Egg Price Viz
An interactive visualization tracking caged egg prices over time.
Overview
Recently, in both 2024 and 2022 egg prices across the country soared. Largely, due to the outbreak of the Avian Influenza commonly known as the “bird flu” in farms across the country. The research group I’m currently working with wanted to study the affect of the flu as well as regional disparities, supply shocks, and the growing premium consumers pay for cage-free eggs. So I was tasked with unloading, processing and performing an elementary visualization of the data.
The Data
The underlying data comes from the Nielsen Retail Measurement Services (RMS) scanner dataset, a commercial dataset covering weekly point-of-sale transactions across thousands of U.S. grocery stores.
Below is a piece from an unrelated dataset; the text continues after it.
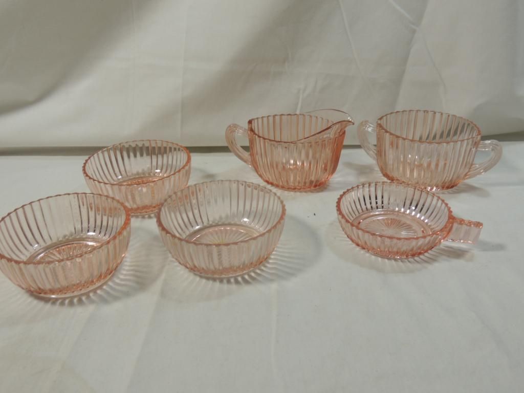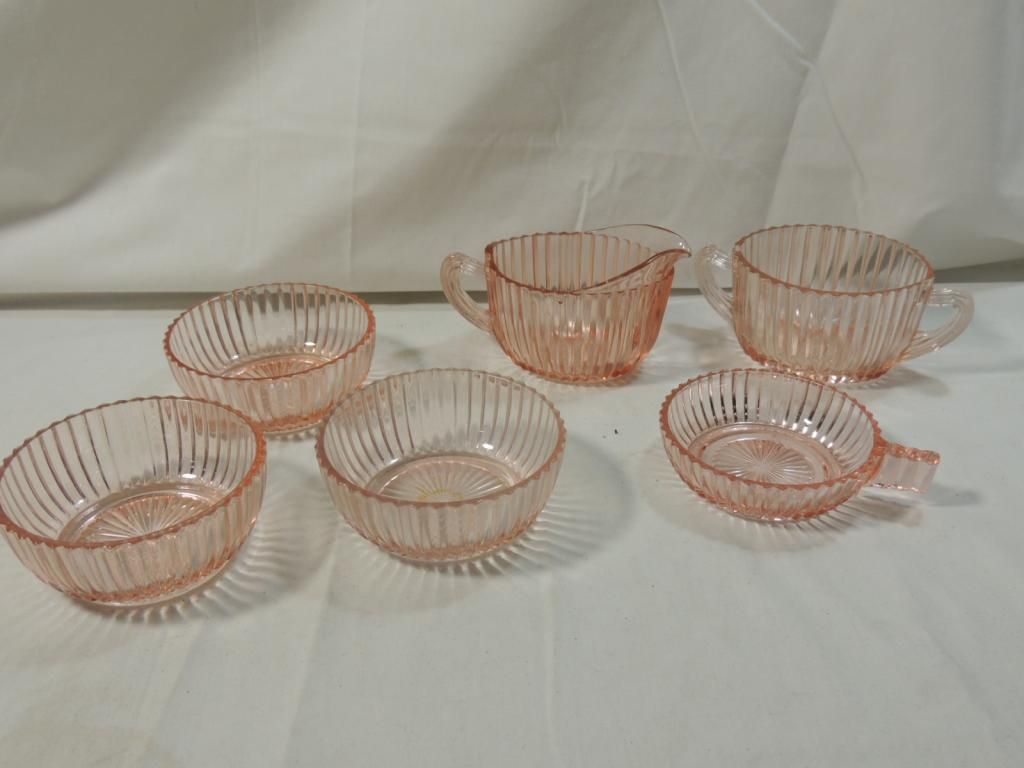 ASSORTED SMALL BOWLS AND MATCHING CREAMER AND SUGAR BOWL AS SHOWN SEE PHOTO FOR MORE DETAILS.

Each observation records the number of units sold, the price charged, and a product UPC identifier, which can be linked to detailed product attributes.
For research purposes the egg product data was filtered by:
- Category: Chicken eggs only
- Size: Standard dozen (12 COUNT)
- Color: White eggs only
- Excluded: Organic eggs (USDA Organic Seal or any organic claim), pasture-raised eggs
- Split by: Cage-free vs. conventional (caged)
How I Built It
-
Data collection
The raw movement files — one per year (2021–2024) — were pulled from the Nielsen RMS archive. Each annual file contains tens of millions of transaction rows. Product hierarchy, description, and attribute files were loaded alongside and merged by UPC to build a detailed table.
-
Processing
The processing pipeline is built in Python using pandas and parallelized with joblib. Because egg movement files more than 20 million rows per year, the data is sliced into chunks and each chunk is processed in parallel before results are concatenated.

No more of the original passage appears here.